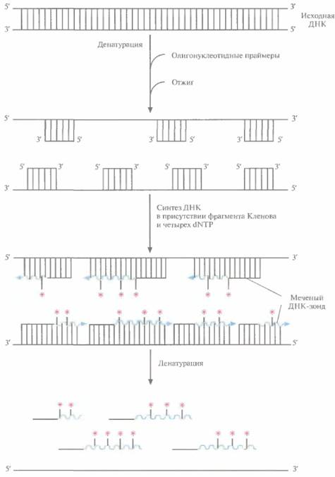 | Рис. 4.12. Получение меченого ДНК-зонда методом случайных праймеров. К денатурированной двухцепочечной ДНК, содержащей нуклеотидную последовательность, которую предполагается использовать в качестве зонда, добавляют гексануклеотиды (смесь всех возможных комбинаций из шести нуклеотидов) и отжигают смесь. Некоторые из олигонуклеотидов гибридизуются с немеченой денатурированной ДНК, и в присутствии фрагмента Кленова и четырех dNTP (один из которых меченый [*]) служат затравкой для синтеза комплементарной цепи. После денатурации синтезированной ДНК получают смесь меченых фрагментов ДНК, которые вместе составляют практически полноразмерную исходную ДНК-матрицу. |
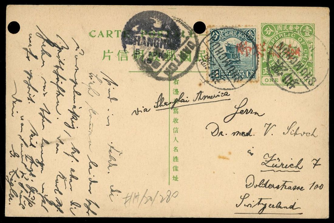 1915 (28 Mar.) missionary correspondence 1c. card to Switzerland bearing Junk 3c. tied by Shumchun bilingual c.d.s., showing Chinese Lilong church in red, via Canton and Shanghai (5.4), scarce Shumchun cancellation, two punch holes for filing.
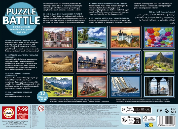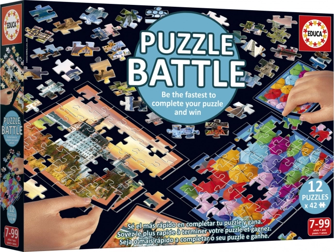 Nyd en spændende puslespilskamp med EDUCA-sættet, der kombinerer klassisk underholdning med fokus på hastighed, konkurrence og udvikling af færdigheder. I pakken finder du 12 separate puslespil med 42 brikker og 12 forlægskort – ideelt til leg med venner og familie. Hvert færdigt puslespil måler ca. 17 × 12,3 cm.

About this task -> Leave out the images and write out the listing above exactly.

Response to the task ->
 | Рис. 4.12. Получение меченого ДНК-зонда методом случайных праймеров. К денатурированной двухцепочечной ДНК, содержащей нуклеотидную последовательность, которую предполагается использовать в качестве зонда, добавляют гексануклеотиды (смесь всех возможных комбинаций из шести нуклеотидов) и отжигают смесь. Некоторые из олигонуклеотидов гибридизуются с немеченой денатурированной ДНК, и в присутствии фрагмента Кленова и четырех dNTP (один из которых меченый [*]) служат затравкой для синтеза комплементарной цепи. После денатурации синтезированной ДНК получают смесь меченых фрагментов ДНК, которые вместе составляют практически полноразмерную исходную ДНК-матрицу. |
 1915 (28 Mar.) missionary correspondence 1c. card to Switzerland bearing Junk 3c. tied by Shumchun bilingual c.d.s., showing Chinese Lilong church in red, via Canton and Shanghai (5.4), scarce Shumchun cancellation, two punch holes for filing.
 Nyd en spændende puslespilskamp med EDUCA-sættet, der kombinerer klassisk underholdning med fokus på hastighed, konkurrence og udvikling af færdigheder. I pakken finder du 12 separate puslespil med 42 brikker og 12 forlægskort – ideelt til leg med venner og familie. Hvert færdigt puslespil måler ca. 17 × 12,3 cm.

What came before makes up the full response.